Ultracold molecules for quantum simulation: rotational coherences in CaF and RbCs

TL;DR

This paper demonstrates coherent rotational state control in ultracold CaF and RbCs molecules, achieving millisecond-scale coherence times crucial for quantum simulation applications.

Contribution

It develops microwave control techniques and investigates coherence properties of two ultracold molecular species for quantum simulation.

Findings

Achieved Ramsey fringe spacings of ~1 kHz.

Measured coherence times of 0.61 ms for CaF.

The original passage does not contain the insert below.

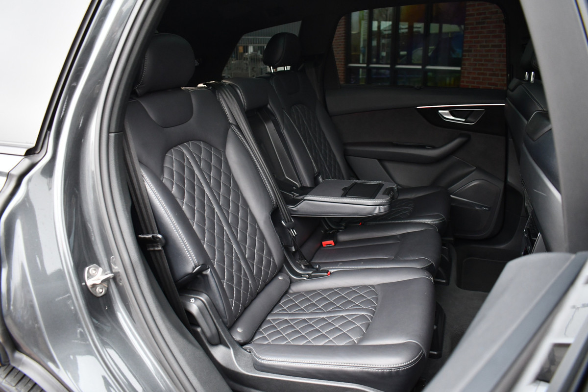 Bijzonder luxe Q7 50 TDI met 7 zitplaatsen en keurig dealeronderhouden. Compleet met: S-Line exterieur en interieur, panoramadak, luchtvering, nappa lederen bekleding met ruitstiksel. adaptieve cruise control, voorstoelen elektrisch verstelbaar (1x memory), 4x stoelverwarming, meesturende achteras, head-up display, BOSE audio, 22 inch wielen, glanspakket / optic black, standkachel met afstandbediening, etc!

Measured coherence times of 0.75 ms for RbCs.

Abstract

We explore the uses of ultracold molecules as a platform for future experiments in the field of quantum simulation, focusing on two molecular species, $^{40}$Ca$^{19}$F and $^{87}$Rb$^{133}$Cs. We report the development of coherent quantum state control using microwave fields in both molecular species; this is a crucial ingredient for many quantum simulation applications. We demonstrate proof-of-principle Ramsey interferometry measurements with fringe spacings of $\sim 1~\rm kHz$ and investigate the dephasing time of a superposition of $N=0$ and $N=1$ rotational states when the molecules are confined. For both molecules, we show that a judicious choice of molecular hyperfine states minimises the impact of spatially varying transition-frequency shifts across the trap. For magnetically trapped $^{40}$Ca$^{19}$F we use a magnetically insensitive transition and observe a coherence time of 0.61(3) ms. For optically trapped $^{87}$Rb$^{133}$Cs we exploit an avoided crossing in the AC Stark shift and observe a maximum coherence time of 0.75(6) ms.